В войне участвовали и два героя переписки, часть которой представляется вниманию читателей: Леонид Александрович Коган и Виктория Сергеевна Мальт. Объединяло их обучение в ИФЛИ: Леонид Коган в 1937 году окончил аспирантуру ИФЛИ; Виктория Мальт училась там же и была подругой группы московских поэтов‑ифлийцев: Павла Когана, Давида Самойлова и Бориса Слуцкого. Последний упоминал ее в своих воспоминаниях как «знакомую редактрису», которая бывала в доме Павла Когана.
Судьбы участников переписки сложились по‑разному. Виктория Мальт после войны работала редактором отдела детского вещания Радиокомитета, была автором детских книг. Когда Леонид Коган служил в политотделе 1‑й ударной армии, она трудилась медсестрой в госпитале рядом с Белорусским вокзалом. Леонид Коган прошел всю войну, выжил и связал свою дальнейшую жизнь с философией. Он преподавал историю философии в Военной академии им. М. В. Фрунзе (1946–1956), был сотрудником Института философии РАН (1956–2013).
Первое письмо из публикуемых фиксирует момент формирования Л. А. Когана как философа: он упоминает тему, с которой связал всю свою последующую жизнь: русская философия и проблема вольнодумства.
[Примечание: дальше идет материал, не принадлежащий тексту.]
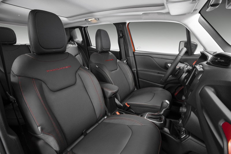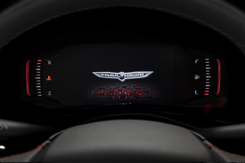 A versão Trailhawk soma os itens da S e possui visual exclusivo, com rodas de 17” de liga-leve, pneus de uso misto exclusivos da versão e suspensão elevada, além de proteções off-road para cardan, câmbio e tanque de combustível, e o selo Trail Rated, que assegura sua aptidão para as trilhas mais exigentes. O quadro de instrumentos digital de 7” tem uma animação exclusiva, enquanto a cabine usa bancos em couro com costura vermelha, mesmo tom dos acabamentos dos alto-falantes e saídas de ar-condicionado laterais. O seletor com cinco modos de condução inclui a exclusiva configuração Rock (pedra), ideal para encarar grandes obstáculos, algo possível graças aos ângulos off-road extremos: são 30º de ataque, 22º de rampa e 32º de ângulo de saída. Ainda é possível adquirir como opcional teto solar elétrico panorâmico.
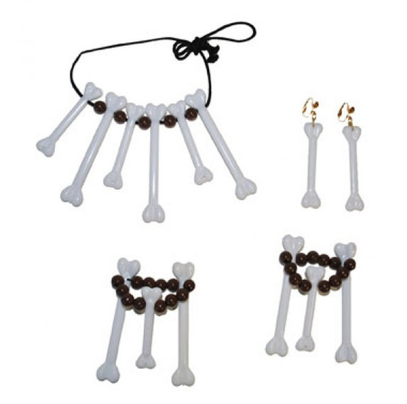 This Bone Jewelry Set will have you looking cave-chic this Halloween! Package include 2 count plastic bracelets with brown beads and bone shape pieces, as well as a matching necklace on a black nylon cord and two clip on earrings. Bone pieces measure 2.75in and some 4in. One size fits most.
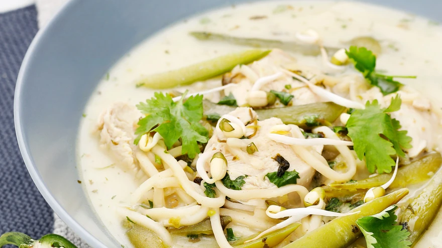 Tai köögist inspireeritud ilus roheline ja maitsev kanasupp kookospiima ja rohke rohelisega. Jagub umbes neljale ning saab valmis poole tunniga.

Из письма явствует, что замысел его докторской диссертации «Из истории русского народного свободомыслия 1‑й половины XIX века (философские и социологические идеи)» (1964) появился в окопах Второй мировой. Здесь он впервые подолгу размышлял о проблемах духовного сопротивления в России, которое помогло, по его мысли, выстоять и победить в войне. Темы, о которых он размышляет в годы войны, не случайны. Интерес к русской философии, попытки уйти от догматического контроля были характерны для духа ИФЛИ. И именно это сформировало Леонида Когана как специалиста по истории философии.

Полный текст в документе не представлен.